There is a relic of the Depression era in Wisconsin, called the Wisconsin Unfair Sales Act. Passed in 1930 it put a minimum on prices for goods and services in the state; you can't sell below cost. There are specific provisions for gasoline, however, which says you have to sell your gas at a markup over wholesale cost that can be 9.18%. In 2003 the Federal Trade Commission offered an opinion that this law is harming consumers by keeping prices high.
Unlike federal antitrust law, the Act protects individual competitors, not competition, and discourages pro-competitive price cutting.
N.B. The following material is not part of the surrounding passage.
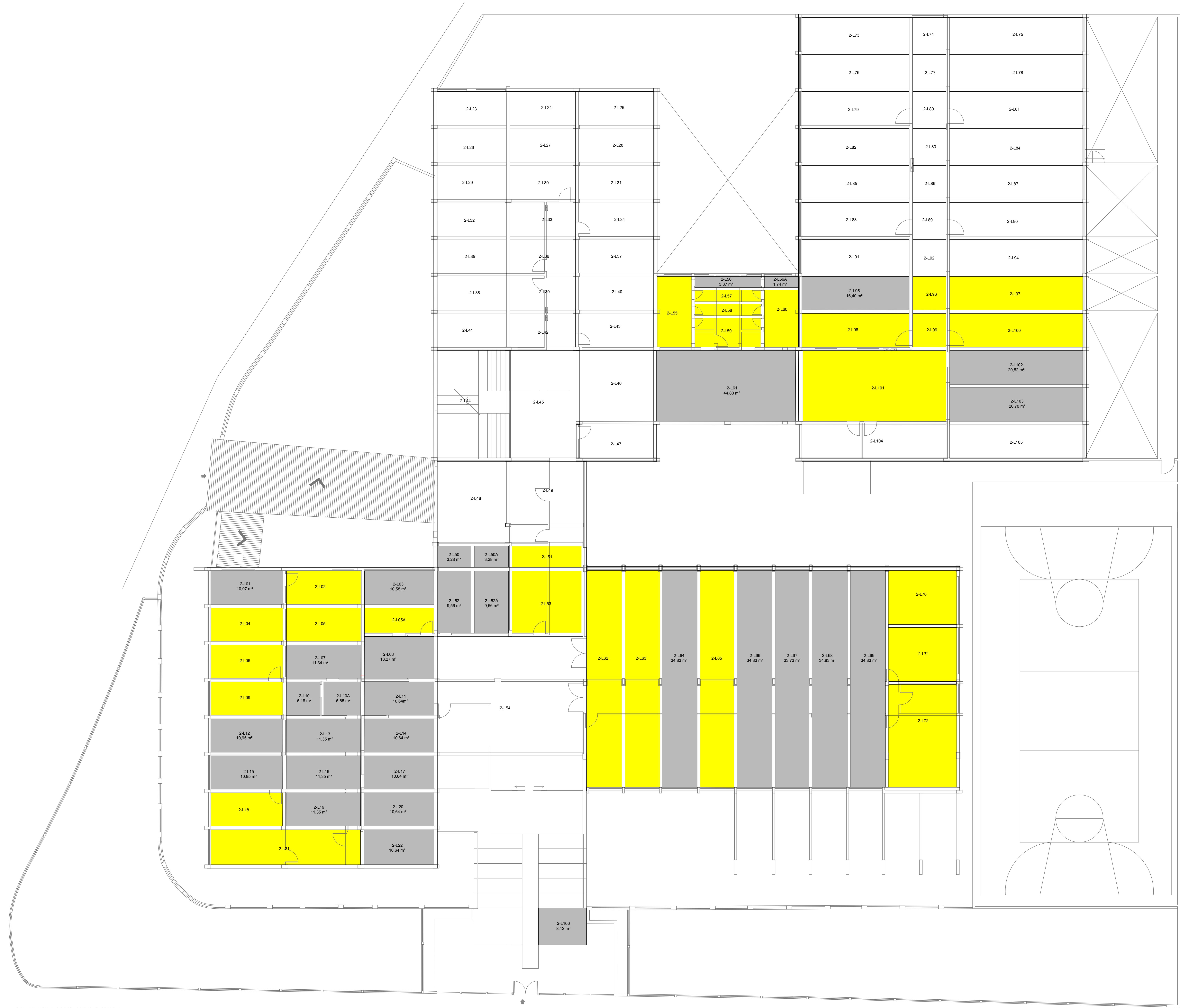
PLANTA BAIXA LAJES - PVTO. SUPERIOR Escala 1:100

In particular, the Act subjects vendors to civil liability - including treble damages and a substantial fine per violation - for cutting prices even if there is no likelihood of harm to competition, and even if the vendors have no intent to engage in anticompetitive conduct.
If you need much more proof that it's protecting competitors, look at a position paper of the Wisconsin Grocers Association. they argue that minimum prices are good for consumers, without any explanation for why.

The Institute for Justice is now seeking to help Raj Bhandari, who is being fined $2,500 per gallon of gas he sells below cost. IJ is arguing that retailers like Bhandari are being denied their due process rights in two ways, first by singling out a good for disparate treatment (namely, gas) and second by blocking people engaging in a common commercial practice.

Our friend David Strom from the Taxpayers League will have Lee McGrath and Bob McNamara on their show, Taxpayers League Live, at 10am tomorrow to discuss the case. I suggest you tune in. If you are in Wisconsin, write to your legislators and get them to repeal this law. It would be a good example for us in Minnesota to follow, where there is also a minimum gas price law.